Excerpts from a dataset:
Segment Open

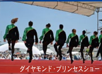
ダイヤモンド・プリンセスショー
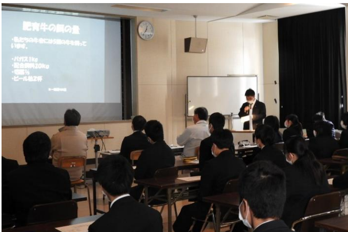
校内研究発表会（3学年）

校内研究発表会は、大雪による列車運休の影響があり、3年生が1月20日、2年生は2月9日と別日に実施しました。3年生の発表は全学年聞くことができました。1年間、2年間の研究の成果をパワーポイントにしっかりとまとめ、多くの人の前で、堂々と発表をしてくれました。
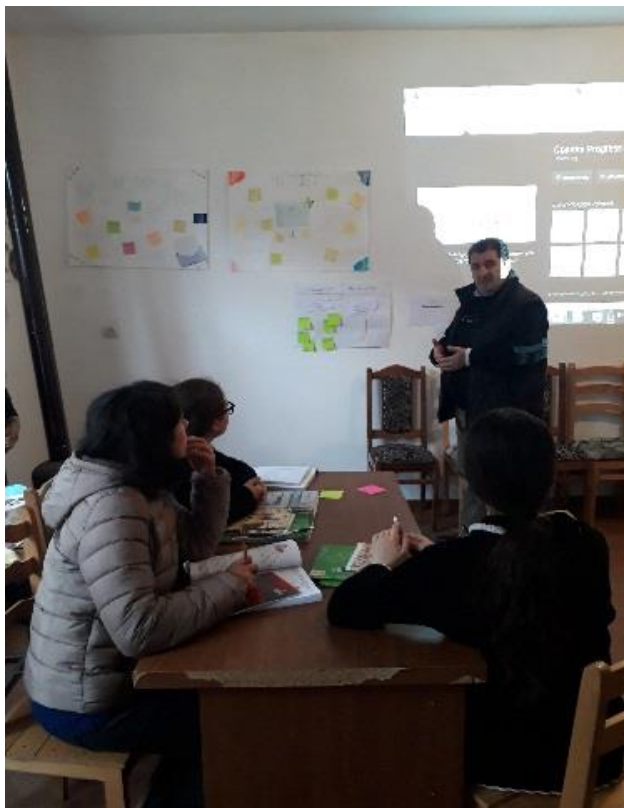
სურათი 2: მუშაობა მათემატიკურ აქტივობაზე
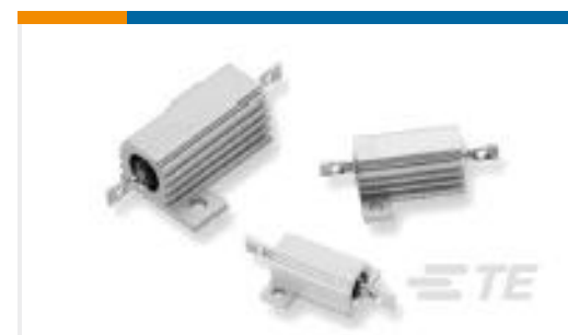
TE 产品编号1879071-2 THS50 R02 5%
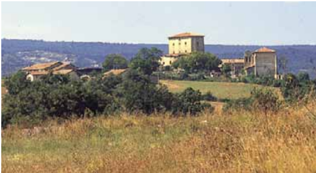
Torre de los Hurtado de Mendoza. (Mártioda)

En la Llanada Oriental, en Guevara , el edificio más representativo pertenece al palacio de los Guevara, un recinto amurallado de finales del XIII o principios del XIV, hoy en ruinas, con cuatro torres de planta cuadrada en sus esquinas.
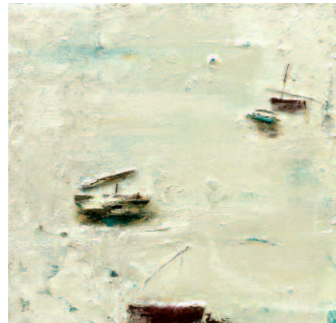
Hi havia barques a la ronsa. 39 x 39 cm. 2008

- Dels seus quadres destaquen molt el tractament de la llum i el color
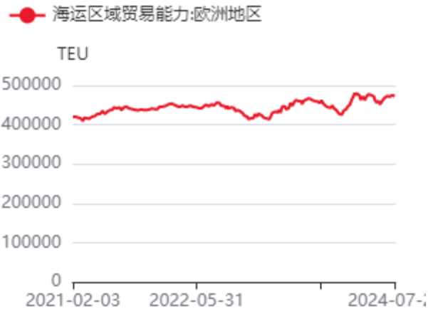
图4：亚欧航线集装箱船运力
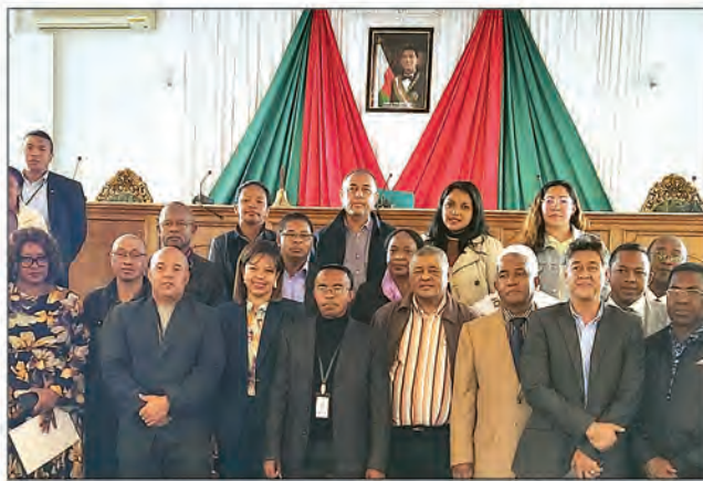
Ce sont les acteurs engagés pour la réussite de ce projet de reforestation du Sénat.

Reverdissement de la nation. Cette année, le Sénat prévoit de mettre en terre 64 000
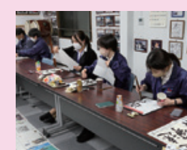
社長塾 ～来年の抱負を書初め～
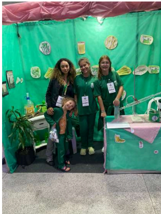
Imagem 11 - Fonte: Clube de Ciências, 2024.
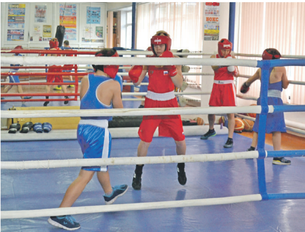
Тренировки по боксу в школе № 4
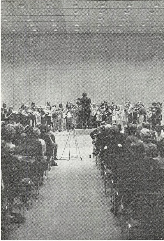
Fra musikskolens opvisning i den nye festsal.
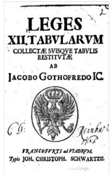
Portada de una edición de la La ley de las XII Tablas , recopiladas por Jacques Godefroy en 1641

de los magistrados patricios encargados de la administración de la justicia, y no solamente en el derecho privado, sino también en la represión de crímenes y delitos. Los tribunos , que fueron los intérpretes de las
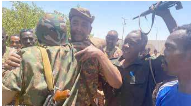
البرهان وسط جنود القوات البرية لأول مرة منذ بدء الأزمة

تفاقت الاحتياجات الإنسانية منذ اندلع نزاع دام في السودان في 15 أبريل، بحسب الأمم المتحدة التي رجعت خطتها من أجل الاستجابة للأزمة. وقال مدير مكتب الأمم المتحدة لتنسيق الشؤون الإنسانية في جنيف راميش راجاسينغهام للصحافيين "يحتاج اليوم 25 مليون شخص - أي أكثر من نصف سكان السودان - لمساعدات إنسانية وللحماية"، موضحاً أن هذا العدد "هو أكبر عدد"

Segment Closed

Assigned task: Check the entries above for the word "Sénat" and copy every line where it turns up.

Result:
Ce sont les acteurs engagés pour la réussite de ce projet de reforestation du Sénat.
Reverdissement de la nation. Cette année, le Sénat prévoit de mettre en terre 64 000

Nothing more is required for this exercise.